Interview with Fabio Valentini (decathorpe)
- FAS ID: decathorpe
- Matrix Rooms: Too many to list them all: #devel, #rust, #epel, #multimedia, #pride, #python, #quality, #security, … (on the fedoraproject.org homeserver)
Questions
Why do you want to be a member of FESCo and how do you expect to help steer the direction of Fedora?
I have contributed to many areas of the project since I joined it over a decade ago, so I think I can bring a broad perspective to FESCo. I want to help insure the project’s continued success happens in a sustainable way.
How do you currently contribute to Fedora? How does that contribution benefit the community?
I am the most active package maintainer in Fedora (by count of updates / builds), primarily because I am the main point of contact for most Rust packages. My work includes package updates, package review, triaging build failures and broken dependencies, and pruning packages for obsolete, outdated, or unused Rust crates from Fedora. I regularly contribute to upstream projects through bug reports and pull requests to fix issues that are discovered downstream in Fedora. Additionally, I triage, report, and attempt to fix upgrade path issues caused by missing package updates every release cycle.
How do you handle disagreements when working as part of a team?

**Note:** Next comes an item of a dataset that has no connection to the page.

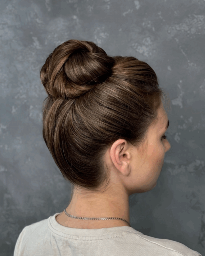 Корисна порада: щоб зачіска виглядала об’ємніше, використовуйте спеціальний «пончик» для пучка. Він створює ідеальну форму та тримає волосся весь день.

Many disagreements I’ve handled were only concerned with details, while the goals of everyone involved were still aligned. So I try to find common ground and / or explore alternative or creative solutions that can work for everyone involved.
Where do you think the Fedora Project should position itself concerning the use of ‘AI’ in software development?
I am – in general – wary of becoming dependent on products from companies that are nowhere near profitable and only kept afloat by a combination of inconceivably large amounts of venture capital and “creative” investment arrangements. Additionally, to me these “AI” systems aren’t “just tools” and can’t be treated solely as such, especially due to externalities like unethical data scraping practices, copyright / license laundering, excessive power and water consumption, noise and greenhouse gas pollution, hardware shortages and price increases, etc. I have yet to see a competitive “AI” product that does not have these problems, and I am unsure whether creating one is even possible.
What else should community members know about you or your positions?
No pineapple, and definitely not on Pizza.